## Material provided
═══

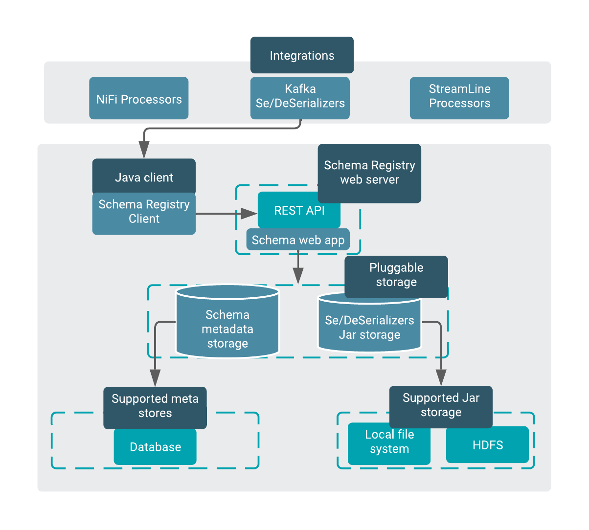 Schema Registry uses the following types of storages:
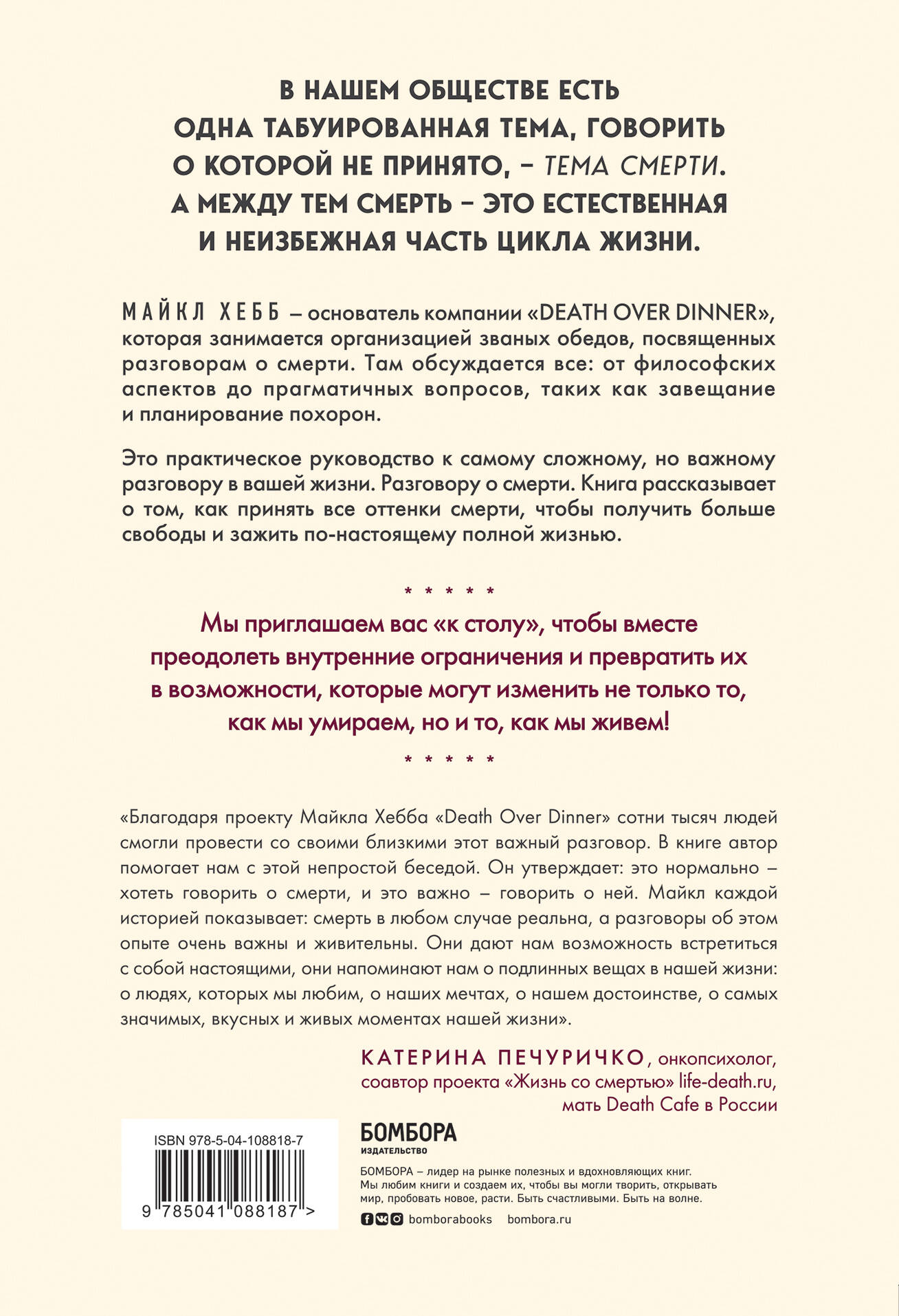 В нашем обществе есть одна табуированная тема, говорить о которой не принято, - тема смерти. А между тем это естественная и неизбежная часть цикла жизни. Майкл Хебб - основатель компании "Death Over Dinner", которая занимается организацией званых обедов, посвященных разговорам о смерти. Там обсуждается все: от философских аспектов до практических вопросов, таких как завещания и планирование похорон. Это практическое руководство к самому сложному, но важному разговору в вашей жизни. Разговору о смерти. Книга рассказывает о том, как принять все оттенки смерти, чтобы получить больше свободы и зажить по-настоящему полной жизнью. Мы приглашаем вас "к столу", чтобы вместе преодолеть внутренние ограничения и превратить их в возможности, которые могут изменить не только то, как мы умираем, но и то, как мы живем!| Издательство | ООО "Издательство "Эксмо" |
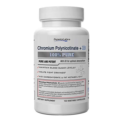 Pure Chromium Polynicotinate Supplement - Made In USA - 200mcg + Vitamin B3 for Optimal Absorption, Veggie Cap, 14 week Supply, 100% Money Back Guarantee
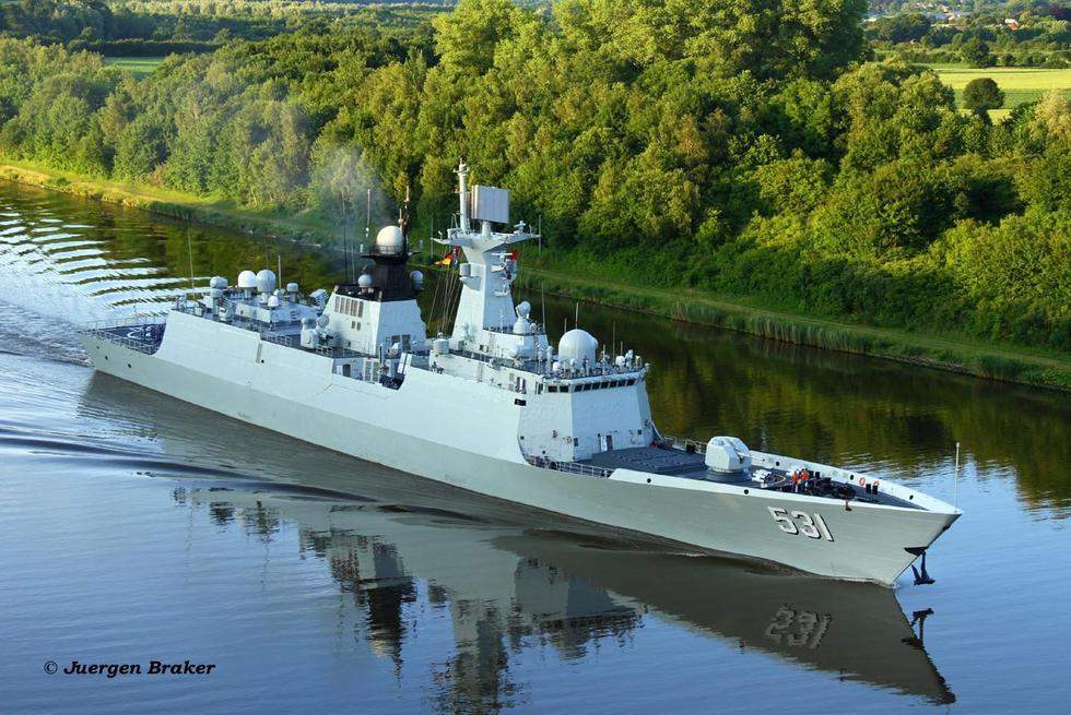 中國054A護衛(wèi)艦穿越基爾運河 風景美如畫

═══

The exact lines from the one containing "Pure Chromium Polynicotinate" through the end of the data are to be copied, with both ends kept and pictures left out.

## Result for this task
 Pure Chromium Polynicotinate Supplement - Made In USA - 200mcg + Vitamin B3 for Optimal Absorption, Veggie Cap, 14 week Supply, 100% Money Back Guarantee
 中國054A護衛(wèi)艦穿越基爾運河 風景美如畫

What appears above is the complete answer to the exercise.